* **Work instruction**
When you restate the records, do so word for word and omit any picture they contain.
-- Opening Marker --
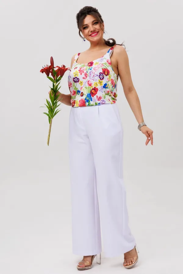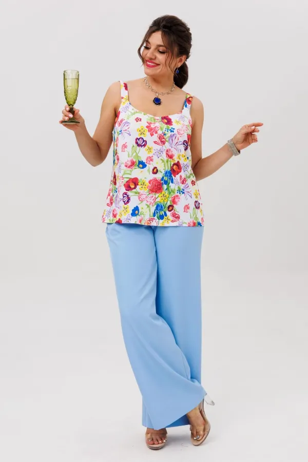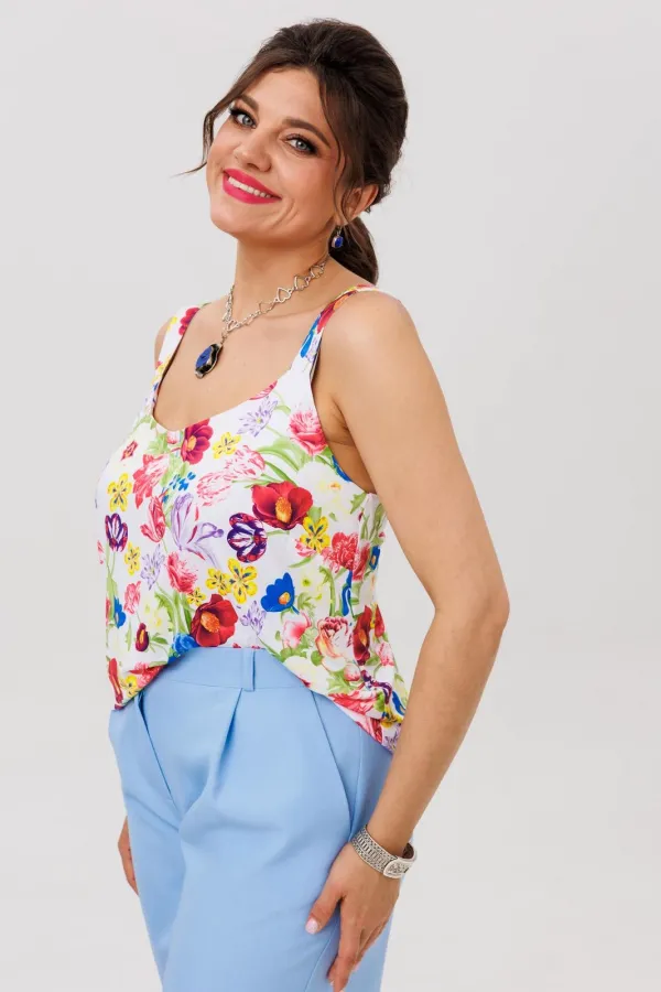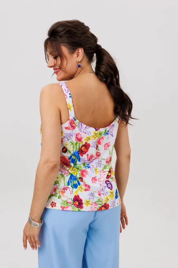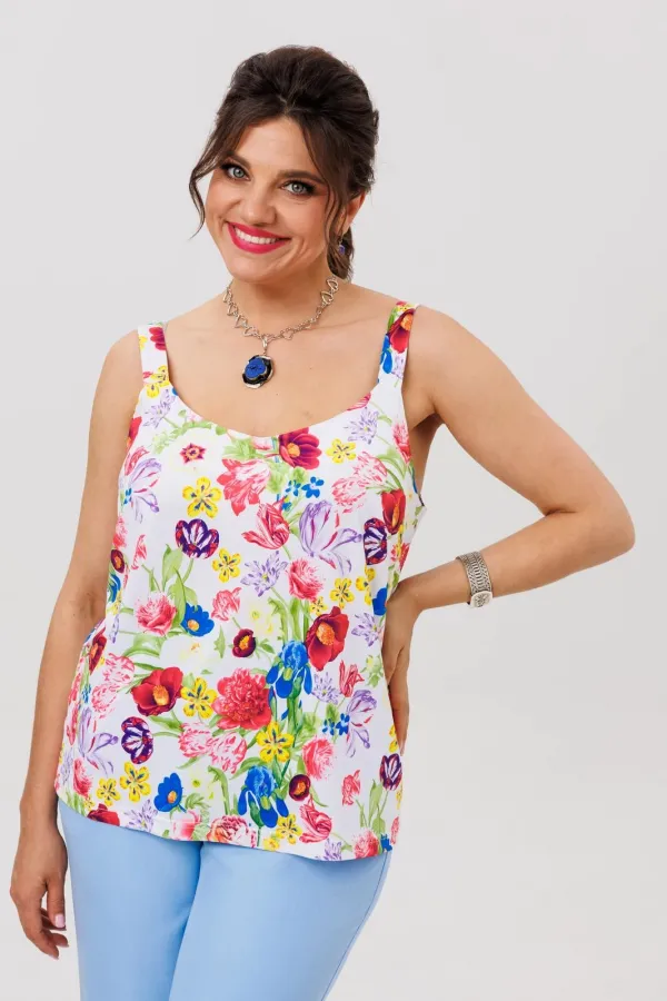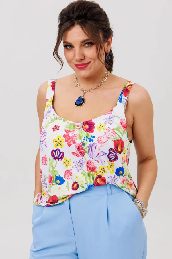 Топ в красочном цветочном принте «россыпь цветов» - лёгкий, нежный и наполненный настроением лета. Мягкая ткань с приятной фактурой деликатно струится, создавая ощущение лёгкости и естественной женственности. Яркий цветочный рисунок оживляет образ и добавляет ему свежести, делая топ выразительным, но при этом универсальным.
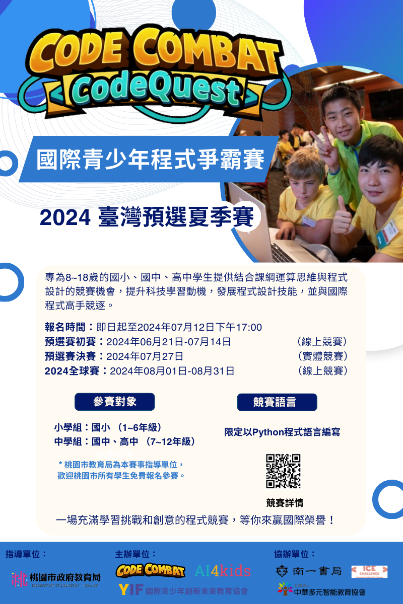 | 一、 | 2024年暑假,社團法人國際青少年創新未來教育協會攜手AI4kids、南一出版社、中華多元智能教育協會,為8~18歲的國小、國中、高中學生提供結合108課綱資訊素養的運算思維暨程式設計競賽機會,提升科技學習動機,發展程式設計技能,並與國際程式高手競逐。 |
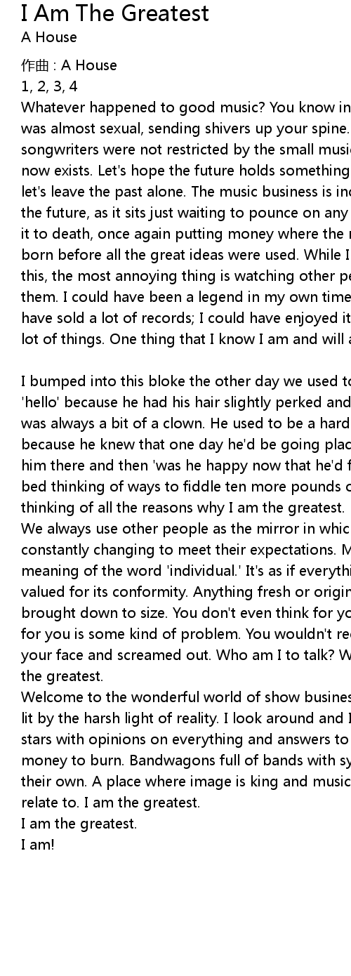 | have sold a lot of records I could have enjoyed it as well. I could have been a lot of things. One thing that I know I am and will always be: I am the greatest. | |
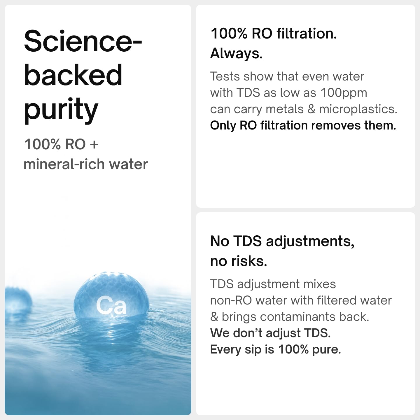 Science-Backed Purity, No Half Measures: Even low TDS water can hide metals and plastics. We eliminate all risks with 100% RO processing, then restore essential minerals. No MTDS mixing, no RO bypassing either.
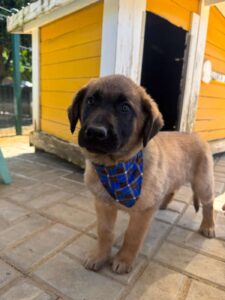 Balou is een mix Rafeiro do Alentejo. Dat betekent dat hij zal uitgroeien tot een grotere hond met een zelfstandig en waakzaam karakter. Hij heeft ruimte nodig, bij voorkeur een goed omheinde tuin, en een eigenaar die begrijpt dat dit type hond niet alleen fysiek ruimte vraagt, maar ook duidelijke begeleiding. In ruil daarvoor krijg je een loyale, rustige en stabiele hond.
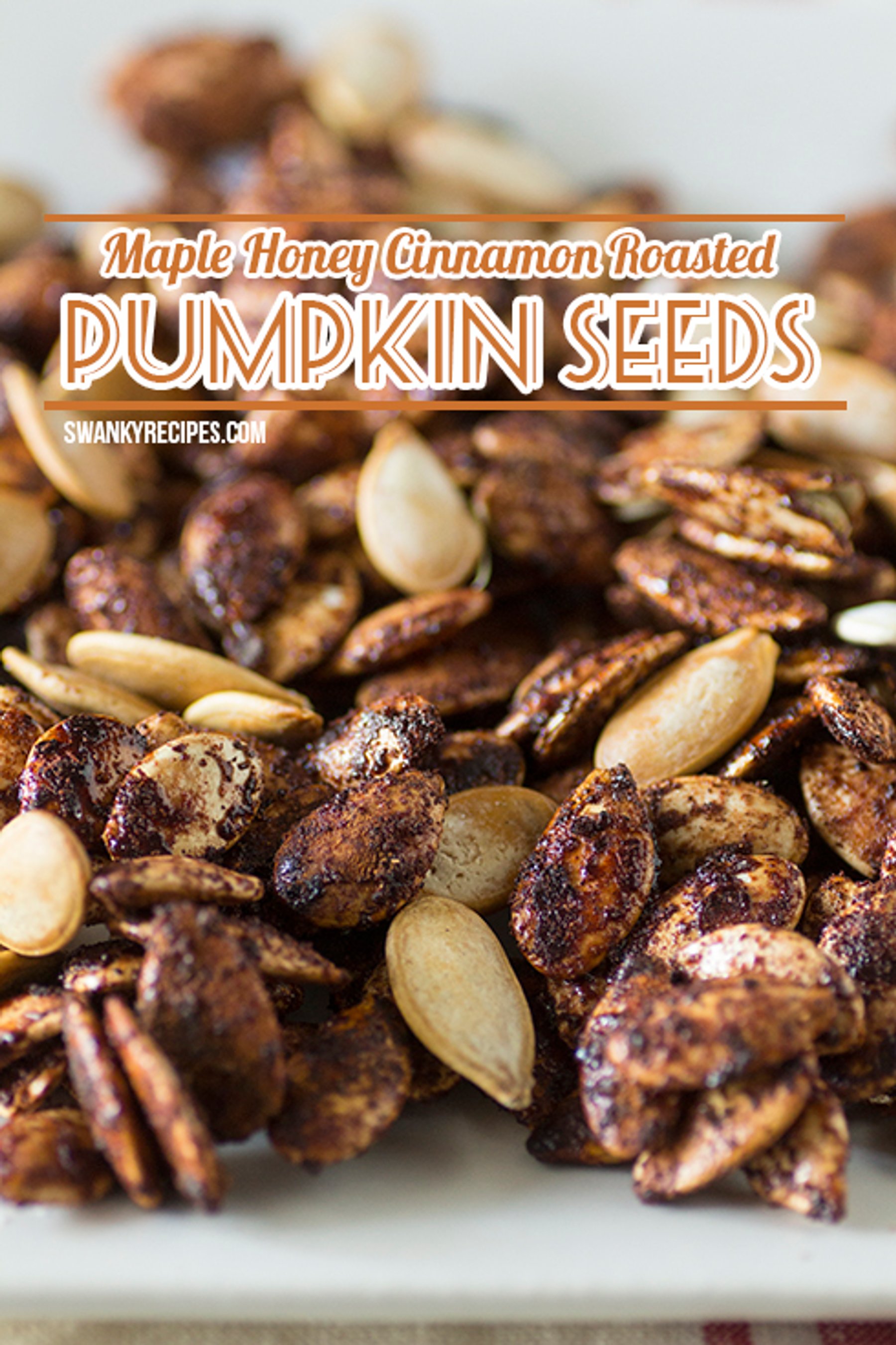 Cinnamon pumpkin seeds sweetened with maple syrup and honey.
-- Closing Marker --
* **Written solution**
 Топ в красочном цветочном принте «россыпь цветов» - лёгкий, нежный и наполненный настроением лета. Мягкая ткань с приятной фактурой деликатно струится, создавая ощущение лёгкости и естественной женственности. Яркий цветочный рисунок оживляет образ и добавляет ему свежести, делая топ выразительным, но при этом универсальным.
 | 一、 | 2024年暑假,社團法人國際青少年創新未來教育協會攜手AI4kids、南一出版社、中華多元智能教育協會,為8~18歲的國小、國中、高中學生提供結合108課綱資訊素養的運算思維暨程式設計競賽機會,提升科技學習動機,發展程式設計技能,並與國際程式高手競逐。 |
 | have sold a lot of records I could have enjoyed it as well. I could have been a lot of things. One thing that I know I am and will always be: I am the greatest. | |
 Science-Backed Purity, No Half Measures: Even low TDS water can hide metals and plastics. We eliminate all risks with 100% RO processing, then restore essential minerals. No MTDS mixing, no RO bypassing either.
 Balou is een mix Rafeiro do Alentejo. Dat betekent dat hij zal uitgroeien tot een grotere hond met een zelfstandig en waakzaam karakter. Hij heeft ruimte nodig, bij voorkeur een goed omheinde tuin, en een eigenaar die begrijpt dat dit type hond niet alleen fysiek ruimte vraagt, maar ook duidelijke begeleiding. In ruil daarvoor krijg je een loyale, rustige en stabiele hond.
 Cinnamon pumpkin seeds sweetened with maple syrup and honey.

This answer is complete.